An alternative metal-free strategy uses frustrated Lewis pairs (FLPs) to activate H₂. Since their discovery by Stephan's group in 2006,¹⁶ research involving FLPs has grown apace.^17–23 FLPs, formed from the combination of suitably sterically encumbered Lewis acids (LA) and bases, are precluded from forming classical Lewis adducts; such systems can heterolytically cleave H₂ to generate hydridic and protic components. The hydrogenation of a wide range of functional groups including imines, enamines, nitriles,^24–27 aldehydes,²⁸ and ketones^29–33 using FLPs has been reported.

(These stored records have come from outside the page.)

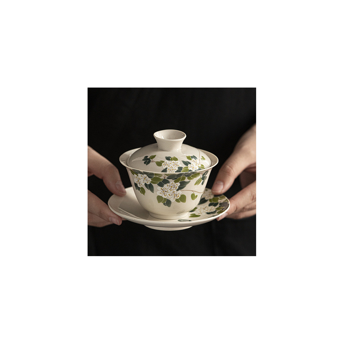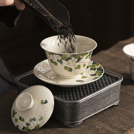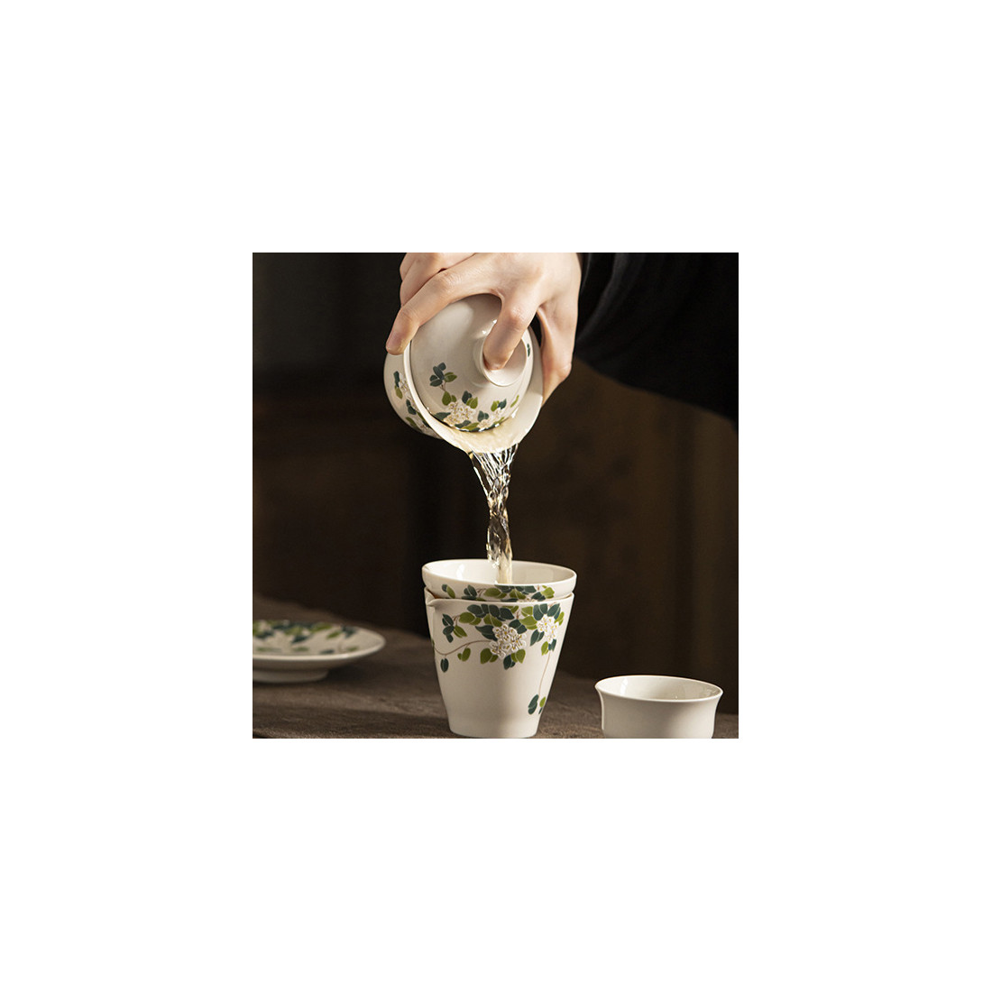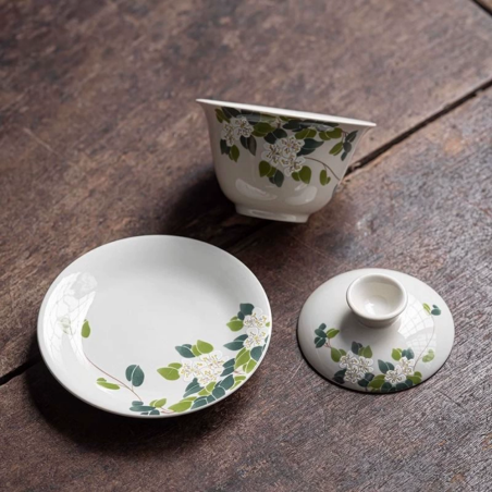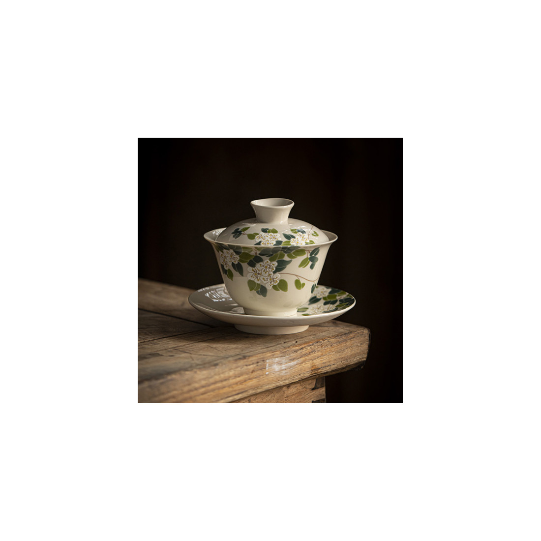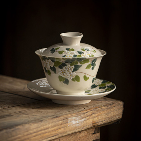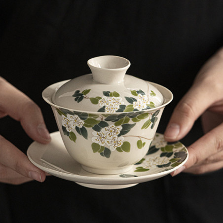 Витончена ґайвань із зображенням квітів чаю. Цей мотив рідко зустрічається в оформленні посуду, хоча, безперечно, доречний на чайному столі.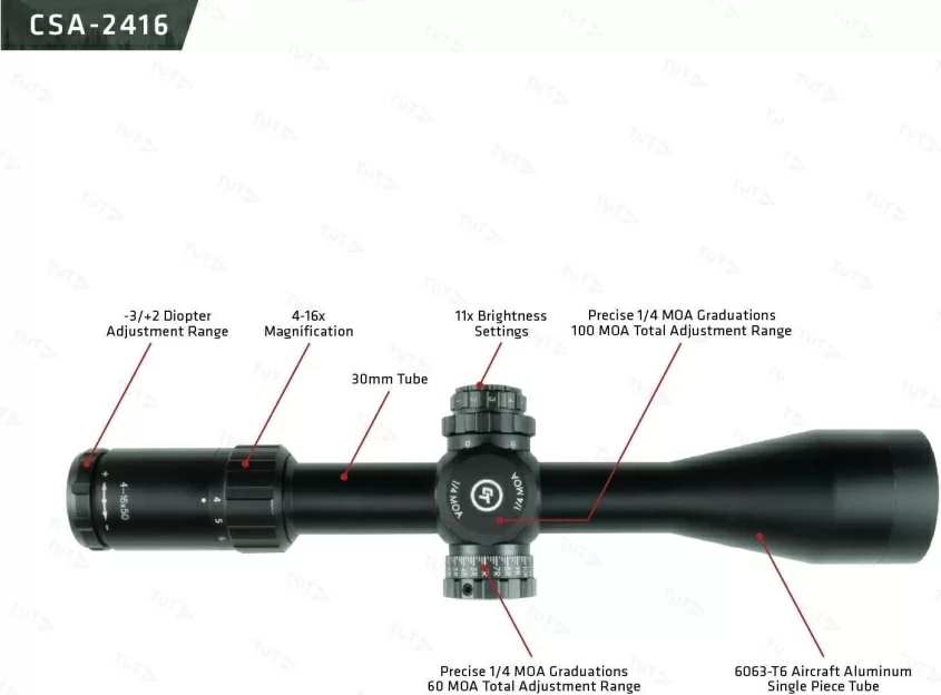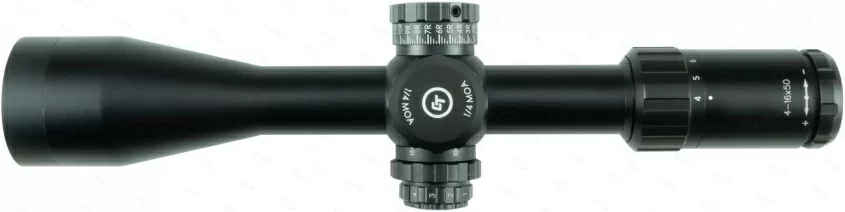 Светосильный объектив с диаметром апертуры 50 мм пропускает достаточно света для эффективного применения при слабом, сумеречном освещении. Стрелкам доступен диапазон кратности от 4 до 16х и широкий угол поля зрения. Фирменное просветляющее покрытие и качественные японские ED стекла увеличили коэффициент светопропускания до 90%. Механика смены кратности с плавным ходом позволяет манипулировать настройками при помощи одного пальца. Вынос выходного зрачка на расстояние более 80 мм дополнительно обеспечивает безопасность на крупном калибре. Доступна диоптрийная корректировка для настройки под индивидуальные особенности зрения.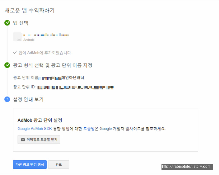 3.자신의 앱을 등록하면 광과단위ID를 획득합니다.
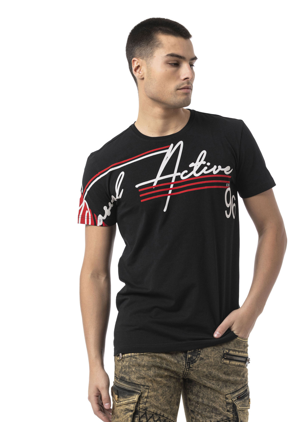 A CT796 férfi póló sportos, modern stílusával lenyűgöző. Klasszikus fekete színben kapható, és feltűnő "Active" feliratú mintával és piros díszítéssel rendelkezik a mellkasán. A kerek nyak kényelmes viseletet biztosít, míg a normál szabás laza megjelenést garantál. A kiváló minőségű Empire mintának köszönhetően a fazon sok mosás után is megőrzi formáját. Tökéletes szabadidős, mindennapi viseletre vagy sporttevékenységekhez. Kombináld farmerrel vagy rövidnadrággal a stílusos megjelenésért.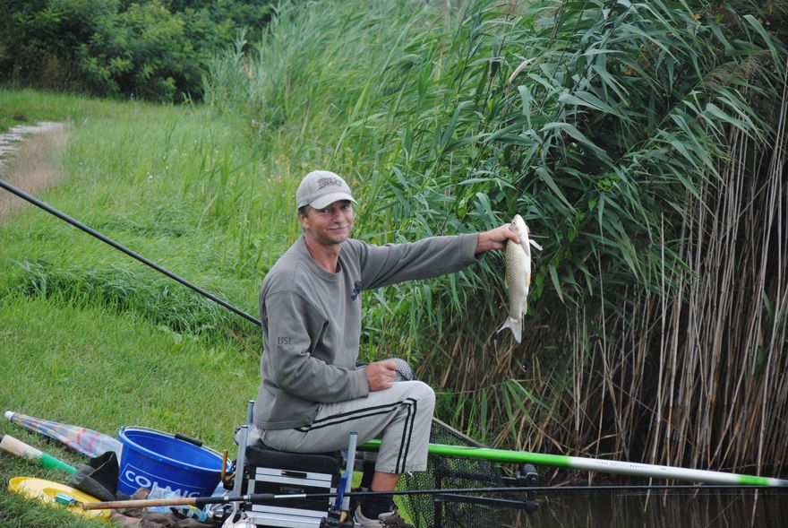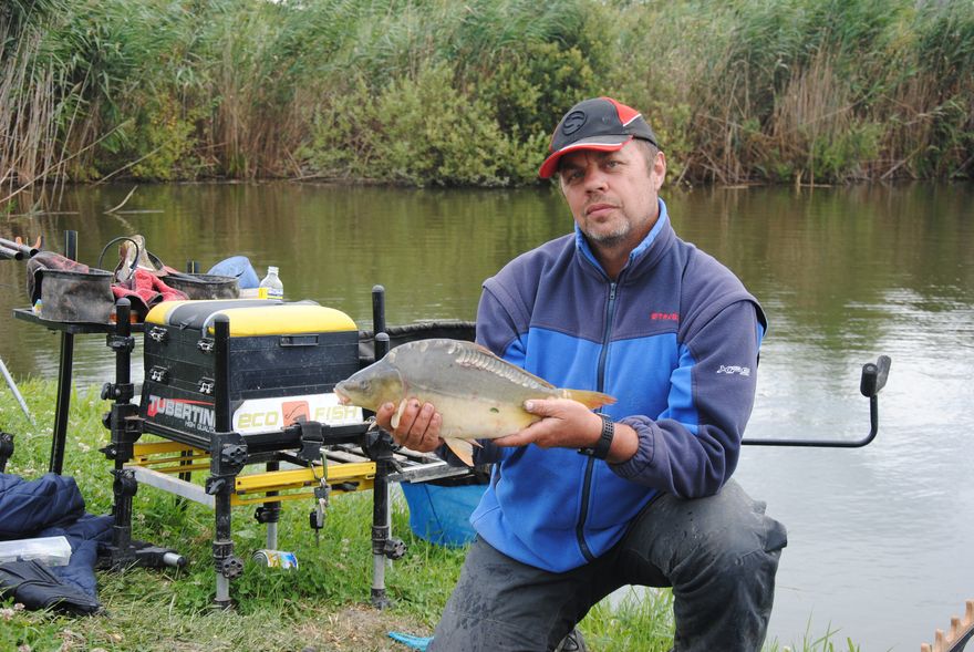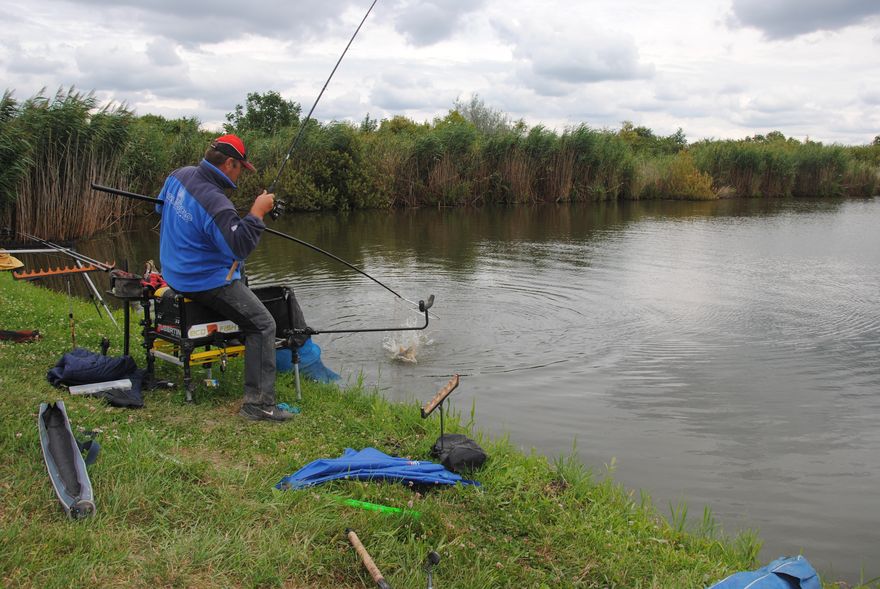 Megérkezünk és kezdődjék a peca, Zoli a sarokba ül ahol lehet rakózni, matchezni, feederezni szinte bármit, van nádfal is, bokor is bőven. Én gondoltam az egész napot végig rakózom, legjobban ezt szeretem művelni. Jól kezdődik a reggel a nagy távolságra eldobott feeder bot egymás után fog pontyokat.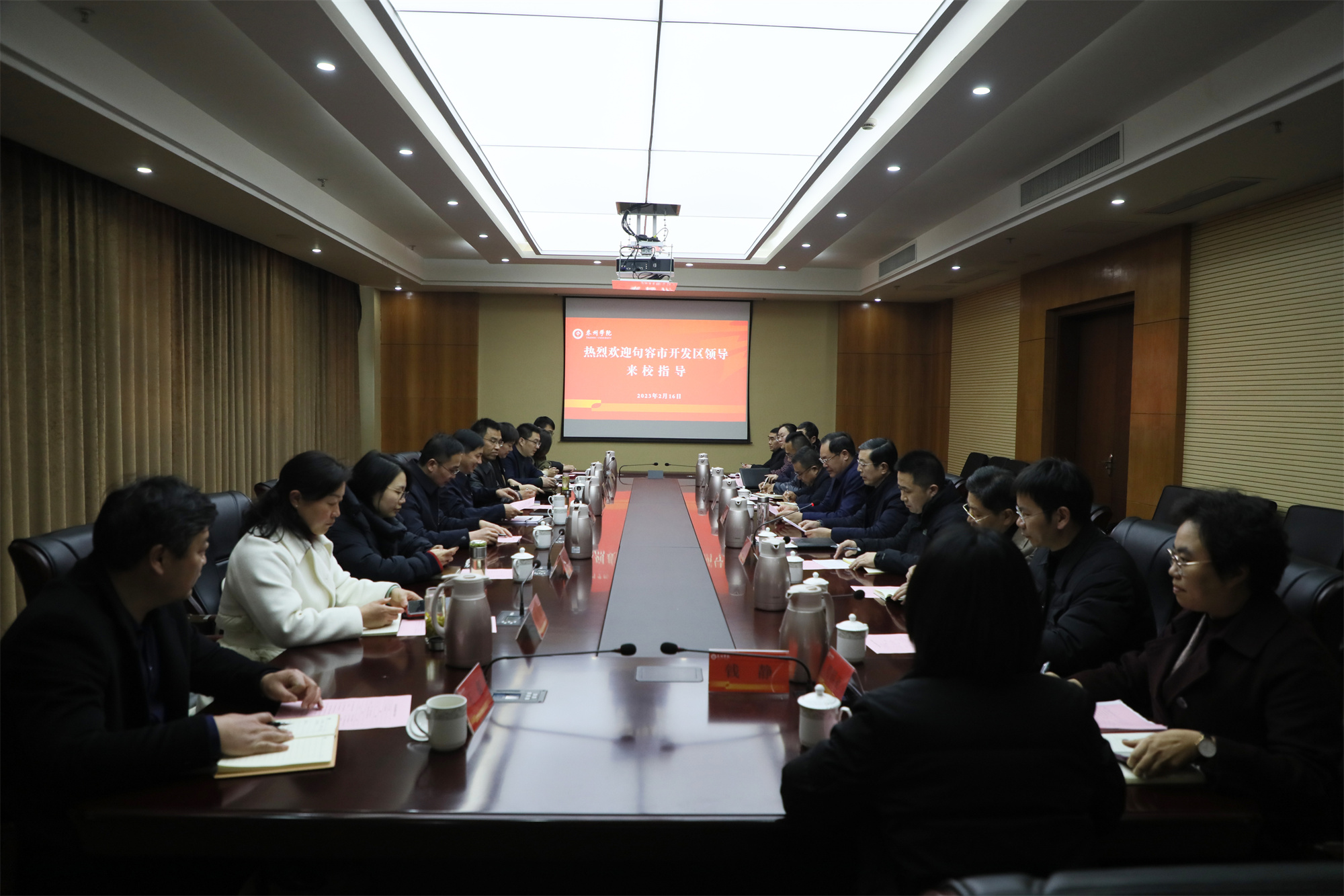 2月16日下午,句容经济开发区党工委副书记、管委会主任吕长江一行10人来米兰官网考察交流。校党委书记徐向明,党委副书记邓友祥,以及相关部门和二级学院负责人参加会议。党委副书记邓友祥主持会议。

In 2014, Wildgoose and Ashley pioneered a new metal-free route to H₂ oxidation using a combined “electrochemical–FLP” approach.^34,35 This enables the conversion of H₂ into two protons and two electrons at cheap and ubiquitous carbon electrodes. Using the archetypal ^tBu₃P/B(C₆F₅)₃ system (Fig. 1a),^34,36 the voltage (driving energy) required to oxidize H₂ was decreased by 610 mV (ca. 118 kJ mol⁻¹). Later, we applied this “electrochemical–FLP” approach to Stephan's NHC-stabilized borenium cation (Fig. 1a),^35,37 which decreased the voltage required for H₂ oxidation by 910 mV (ca. 176 kJ mol⁻¹). However, a detailed mechanistic study of both these electrochemical–FLP systems revealed several limitations that significantly hindered their catalytic turnover, efficiency, and application as replacement electrocatalysts for energy applications. This included the side-reaction of radical intermediates with solvent/electrolyte during electrolysis, and the deactivation of electrocatalyst via its reaction with electrogenerated protons. Whilst the borenium cation offered an improvement over the borane system, the rate of H₂ cleavage by this borenium–FLP is far too slow.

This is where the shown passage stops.